In the experiment, no significant improvements were seen in the 0.5 - 0.8 (0.8 not plotted) regime. Oversampling with SMOTE broadens the decision region around the minority points (so we would expect better results) but the coverage may exceed the decision surface**. The level of oversampling therefore needs to be experimentally determined.
Another strategy to balance the classes is to combine oversampling (the minority class) with undersampling (the majority class). Chawla et al. had reported [1] that a combination of oversampling and undersampling gave the best results.

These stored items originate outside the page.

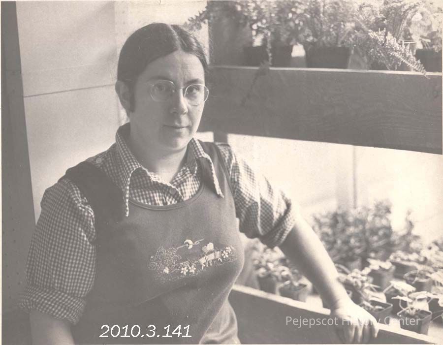 A B/W photograph of Jain Dionne owner of Earthly Goods a store selling house plants on Maine Street. Photo published 5/30/1975. Undated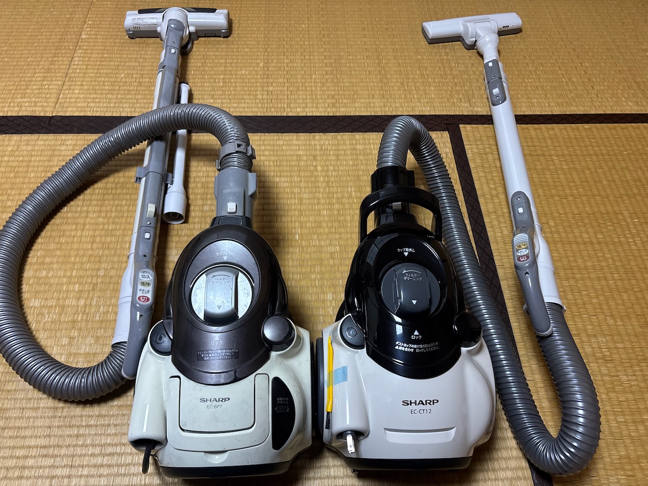 2009年5月に購入した掃除機(シャープEC-BP7)が流石にくたびれてきてしまったので新しい掃除機を買おうということになりました。これまでの掃除機と同様にサイクロン式でキャニスタータイプのお手頃なものを探しているうちに、今のと同じような形のシャープEC-CT12-CをAmazonで見つけました。注文してから二日後の昨日の夕方に届き今朝箱から取り出してみました。本体はほとんど同じような形ですが、吸い込み口のブラシがEC-BP7だとモーターブラシだったのが普通のブラシだったり、アタッチメントのブラシが別売りだったりで16年経ってだいぶコストダウンしているようです。古いホースがそのまま接続できるのですが、吸い込み口のブラシが壊れかかっていることもあって古いホースをそのまま使うのはちょっと意味がなさそうな感じです。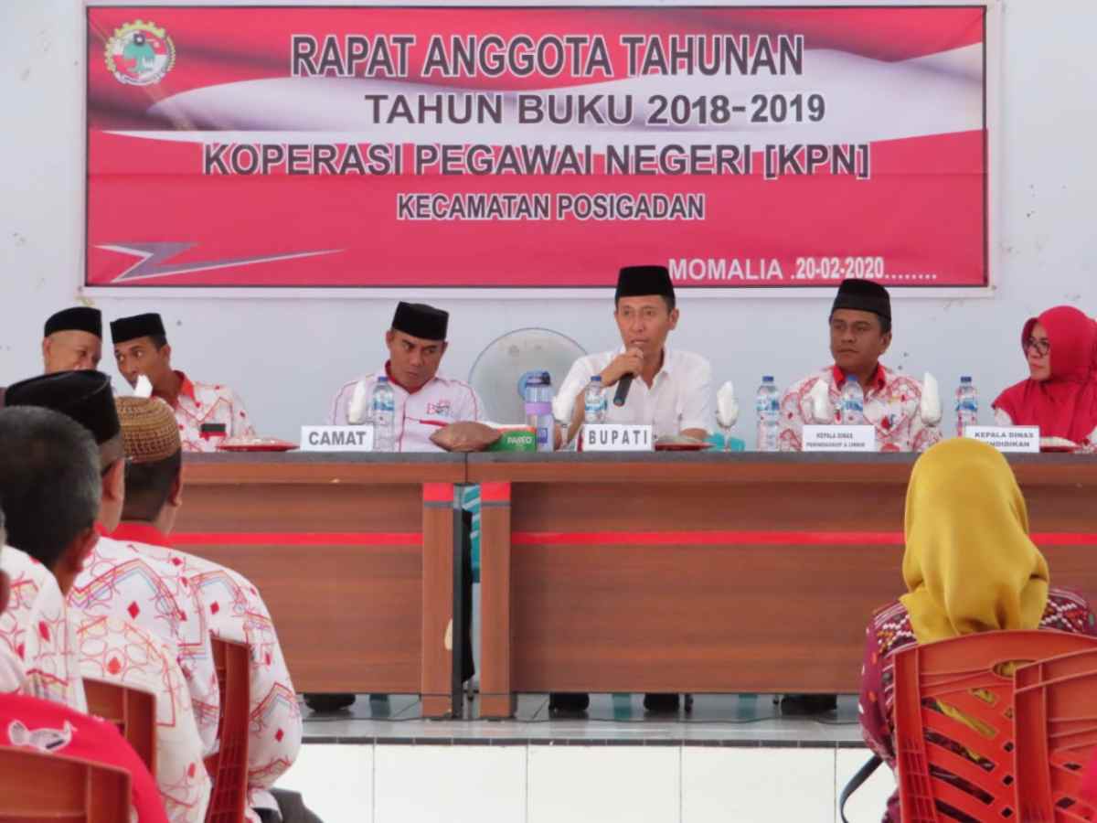 BOLSEL – Pelaksanaan Rapat Anggota Tahunan (RAT) Koperasi Pegawai Negeri Bina Mandiri (KPNBM) Kecamatan Posigadan tahun buku 2018-2019, dilaksanakan Kamis (20/2/2020) di Aula Kantor Camat Posigadan.

We will experiment with this combination in a future exercise.
**It should also be noted that oversampling results in a significant increase (and bias) in the minority class. For instance, for a 0.5 ratio, the minority class is increased seven-fold (from 83 to 585). A completely balanced data set would involve a fourteen-fold increase in the minority class and this would alter the decision surface.
[1] Nitesh V. Chawla, Kevin W. Bowyer, Lawrence O. Hall, and W. Philip Kegelmeyer. SMOTE: synthetic minority over-sampling technique. J. Artif. Int. Res. 16, 1 (June 2002), 321-357.
[2] Chawla, Nitesh V. Data Mining for Imbalanced Datasets: An Overview. In: Maimon, Oded; Rokach, Lior (Eds) Data Mining and Knowledge Discovery Handbook, Springer, (2010), 875-886.
[3] Altini, Marco. "Dealing with Imbalanced Data: Undersampling, Oversampling and Proper Cross-validation." Web log post. Marco Altini Blog. N.p., 17 Aug. 2015. Web.